Źródło zdjęcia w sieci

Komentarze

  1. :-)) To się nazywa inwencja twórcza. Ciekawe, po kim Krzyś ja odziedziczył. ;-)

    OdpowiedzUsuń
  2. Jolu...
    ...też się nad tym zasanawiam. Gdybym ni miała pwności to twierdziłabym z cała stanowczością, że po listonoszu:D

    OdpowiedzUsuń
  3. To musiał wymyślić ktoś, kto lubił mieć dużo czasu na przyjemności, ale wyznawał zasadę "najpierw praca, przyjemności potem". Co nie zmienia faktu, że tęsknię do czasów gdy sama zrywałam się z łóżeczka jak skowroneczek o 5 rano. Teraz godzina 8 to dla mnie środek nocy...masakra...

    OdpowiedzUsuń
  4. Oj znam ten ból, znam. Każdy chyba zna. Ile razy spóźniłam się na autobus, bo za długo spałam, a ile razy na niego biegłam. Wszystko po to aby przedłużyć choćby o 5 minut sen... błogi sen...

    OdpowiedzUsuń
  5. ja się nie przyłączę do tych marudzeń, bo lubię wcześnie wstawać, ale spać chodzę o 21.oo :-))
    coś za coś - nie ma rady.

    OdpowiedzUsuń
  6. Athena...
    Nie wiem kto, ale może wymyślmy inaczej co?:D

    Alex...
    No tak... mam to samo. Tylko nie mów moim dzieciom :D

    Anna...
    Prawda? Byłam rano w szoku :D

    Emma...
    A ja właśnie lubię sobie w nocy posiedzieć. ...:)

    OdpowiedzUsuń
  7. Kto to wymyślił?! Chyba lepiej dla niego, że nie wiemy;)

    OdpowiedzUsuń
  8. mnie kacor gigant wczoraj nękał ale musiałam iść w dzień, straszne to po tym długim weekendzie i dziwić się dziecku...

    OdpowiedzUsuń
  9. fajnie piszesz, aż zazdrość bierze i dobrze, że nie wierszem:) co nie Margo?

    OdpowiedzUsuń
  10. ósma to taka akurat:) w mojej wiejskiej szkole jest godzina "zero" lekcja o 7.15...koszmar!

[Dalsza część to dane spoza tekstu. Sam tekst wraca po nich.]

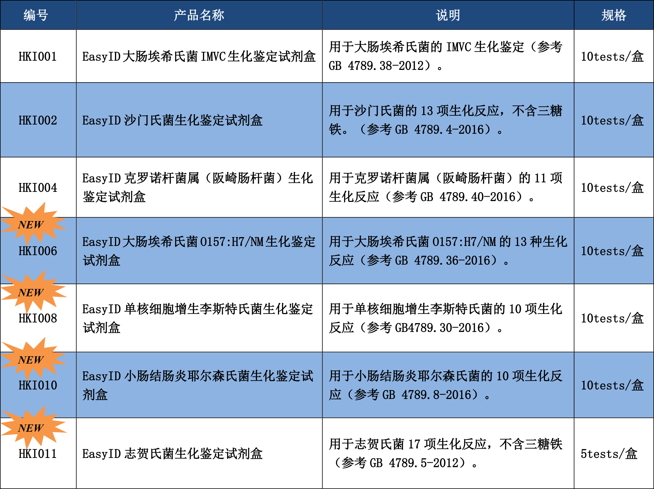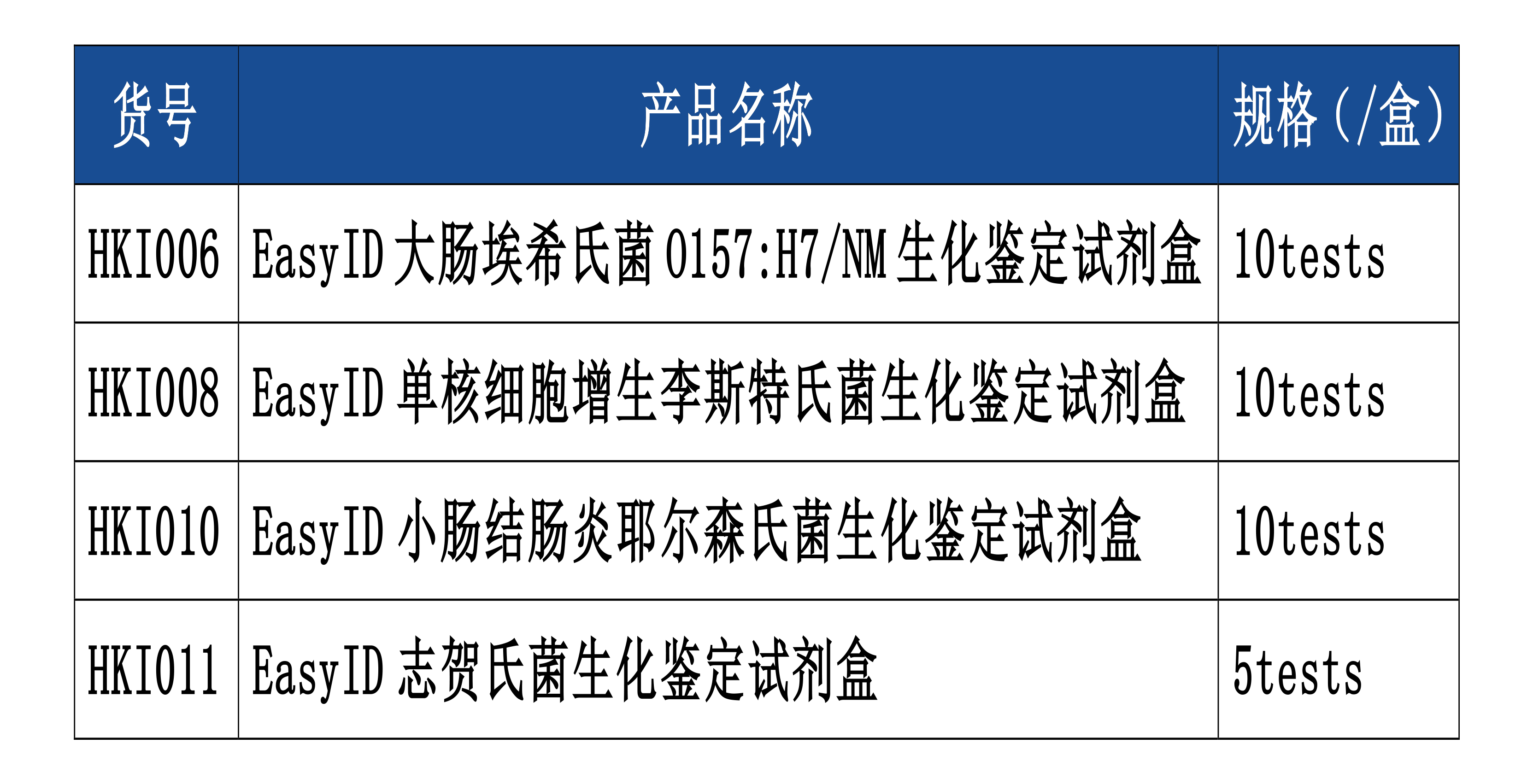 EasyID生化鉴定试剂盒产品订购信息

    a kiedys w przedszkolu zaczynałam 5.30...

    OdpowiedzUsuń
  11. kurcze jak grałem w piłkę to nie było problemu ze wstawaniem rano, ale jak poszedłem na studia to uuuu xDDD te studia jakieś od dupy strony są, tylko mnie rozleniwiają ;

    OdpowiedzUsuń
  12. Ja tam lubię wstawać nawet o świcie pod warunkiem,ze jest to dzień wolny od zajęć dydaktycznych:)

    OdpowiedzUsuń
  13. tia..to takie męskie:)

    odnośnie maszyn, sprzętów i innych urządzeń przypomniała mi sie uzywana przez płeć przeciwna analogia samochód-kobieta. Znajomy znajomemu kiedyś zapodał zdanie - "nówka nieśmigana, niezłe zawieszenie i zderzaki, tylko maska już dosyć porysowana..."

    OdpowiedzUsuń
  14. Bardzo twórczy młody Czlowiek :)) Sprzęty mnie dziś też już bolą, ale od pracy.
    A godzina ósma na rozpoczynanie zajęć jest faktycznie nieludzka!

    OdpowiedzUsuń
  15. Beatta...
    Masz rację. lepiej niech on mi się na oczy nie pokazuje:D

    Margo...
    Kac Gigant? 100 lat takiego nie miałam :D

    Tom...
    Dzięki Tom. za wiersze się nie biorę. Nie profanuje :D

    OdpowiedzUsuń
  16. Beata...
    Na wstawanie to może i ludzka....:D

    Kwaku...
    Podobno, każdy jest leniwy. Ale nie każdy się do tego przyznaje :)

    OLQA...
    Cos w tym jest. I zastanawiam się skąd dzieci o tym wiedza... W dni wolne budzą się same i nawet nie marudzą :D

    OdpowiedzUsuń
  17. u mnie podobnie,ale w niedziele nie wiedziec czemu o 7 juz na nogach...:)

    OdpowiedzUsuń
  18. Magda...
    Na co ten drugi odpowiedział...
    - Co tam maska. Zawsze można gazeta przykryć :D

    Iw...
    Ach te sprzęty. czasami szkoda, że nie można wymienić ...:)

    OdpowiedzUsuń
  19. Emocje...
    Oj tam. Niedziela powinna być zaznaczana na czarno w kalendarzu. Może wtedy by się nie pokapowały:D

    OdpowiedzUsuń
  20. Ja tam mogę wstawać wcześnie... byle nie z konieczności:):):)

    OdpowiedzUsuń
  21. Zgadzam się z Idą! Jutro wstanę o 3.30 i już teraz jestem z tego powodu cała w skowronkach! Albowiem odlatuję na południe... Rodzime wprawdzie, ale za to ukochane!

    OdpowiedzUsuń
  22. O Tom, Nivejki pisanie będzie Cię podobało, bo nie wierszem i radosne :)

    OdpowiedzUsuń
  23. Mnie tez dzisiaj bolaly wszystkie sprzety, to zostalam w domu. I tak. :))

    OdpowiedzUsuń
  24. Ożeszty - nie dzielę, bo nie umiem - jak sobie Ciebie nie poczytam to głupia cały dzień chodzę ;)

    OdpowiedzUsuń
  25. No, sprzęty sprawiają czasem kłopot :)

    OdpowiedzUsuń
  26. Karendoskup mnie się podoba niebywale.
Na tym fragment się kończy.